Homework 3: Multidimensional Data
Due date: Wed, March 18th at 5pm EST
Jason Gao
Part 1: Exploration with Tableau (20 points)
A. What is the relationship between operating system and numbers of years of programming experience?
There does not seem to be a relationship between operation system and number of years of programming experience. In the visualization below, there is no apparent trend as programming experience increases (as we look left-to-right).
The use of percentages, rather than overall count, makes more sense because we want to see if operating system choice becomes disproportionate at different experience levels. The saturation / darkness of the color indicates how many responses fall into the mark, which is a measure of "trustworthiness" of that calculated average, since a mark with only one response might not be very trustworthy / could be highly variant from the true population average.
B. What concentrations do students who are more comfortable with programming come from?
The students who are more comfortable with programming come from concentrations like Visualization, Software Engineering, and Computer Science, which is hardly surprising.
The saturation / darkness of the color indicates how many responses fall into the mark, which is a measure of "trustworthiness" of that calculated average, since a mark with only one response might not be very trustworthy / could be highly variant from the true population average.
C. What programming languages do experienced programmers use?
Many experienced programmers of over 3 years use Java, and to a lesser extent, C, PHP, and Ruby. We can see that while C dominates and is increasingly used during the first 3 years of experience, Java quickly takes over somewhere in the middle of 1-3 years of experience.

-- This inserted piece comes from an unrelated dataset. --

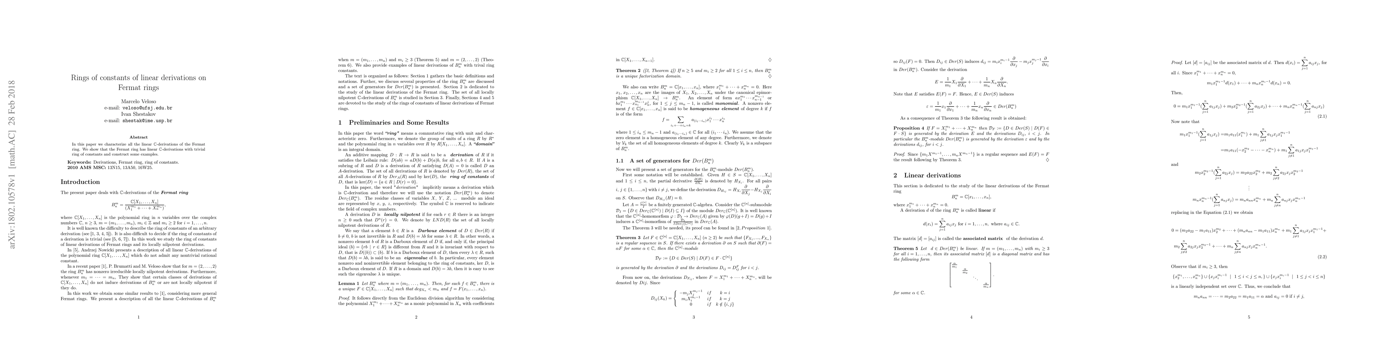 The research sheds light on the structure and behavior of linear derivations on Fermat rings, with potential implications for algebraic geometry and number theory.

D. What programming languages do experienced programmers who code the most often use?
"Experience programmers who code the most often" was interpreted to mean programers who have been programming for over 3 years and code daily. The visualization below shows that they predominantly use Java.
E. What is the relationship between age, programming language, and programming experience?
Most distinctively, C and PHP are mostly used by younger programmers (18 to 24), while Java and HTML / CSS are mostly used by older programmers (24 to 44). Also, C enjoys an increase in popularity as experience increases, but then drops sharply compared to PHP for programmers with over 3 years of experience, while Java has a consistent inccrease in usage as experience increases.
Another interesting result is that the diversity of programming languages used increases considerably as experience increases, and seems to be independent of age. Programmers with less than 6 months of experience use only a few langauges, while the "Over 3 years" charts show a much wider range of languages used.
Part 2: Designing an Interaction (40 points)
This interaction will explore the relationship between programming experience, programming comfort level, and primary programming language.
Encodings
- Programming experience (ordinal) -> Spatial position on Y-axis
This allows users to see if there are trends going from top to bottom along the Y-axis.
- Programming comfort level (ordinal) -> Size of mark
Since there are only five comfort levels, distinguishing between the sizes of mark will be easy.
- Programming language (nominal) -> Color of mark
Because there are several programming languages, and there is no order to the languages, it makes sense to use color, which lets users differentiate between marks, but does not imply an ordering.
In this design, every data point is visible, and contributes to the running count along the x-axis. The marks themselves are bars, and size is varied by their height. I investigated the visualization with circles, but this caused spacing issues, which meant that the x-axis would not be able to be used as a running count indicator.
A color scheme was chosen that could be distinguished among easily from each other, without any one color being too vibrant or saturated, to reduce the effect of color pop. This follows the color rules and perceptual principles.
Everything is flat (no 3D) in order to keep the Lie ratio down, and to prevent distortions of data. Data-to-ink ratio was maximized by excluding unnecessary elements like borders or overly-detailed axes, or other decorations. Scales are presented, and are linearly spaced and start at the lowest possible values to avoid distortion.
The background is simple and white for the data-bearing elements, in order to maximize readability and contrast.
The interaction design process involved laying out the interface elements in Fireworks and overlaying example data points. Multiple graphics were generated to indicate states with linking / roll-overs and rest states, which were then exported to PDF. You can view the various interaction "slides" as frames within the Fireworks PNG.
Part 3: Interact With Your Classmates (40 points)
Open visualization
The interaction shows some interesting results about the data:
There is a strong relationship between programming experience and programming comfort: As experience increases (we go down the Y-Axis), the sizes of the bars increase in general (comfort).
Also, we can see that Java, Ruby, C#, and C++ are used almost exclusively by experienced and more comfortable programmers (rolling-over the Java entry in the legend shows this clearly), while SQL and BASIC are used exclusively by less experienced programmers. PHP, HTML / CSS, and C were used by programmers of all experiences and comfort levels, although there is an interesting rise from "under 6 months" to "1-3 years," and then a sharp drop in usage at "over 3 years" for C.
I was able to implement the additional feature of dynamically sorting the responses according to comfort level, or grouping responses using the same programming language together, selectable by clicking two buttons in the lower-right corner.
The final colors are actually the same colors as from Part 1, Question 5 (Tableau), since they had a very pleasing and distinguishable color set. ColorBrewer yielded a color set with a very hard to see "yellow."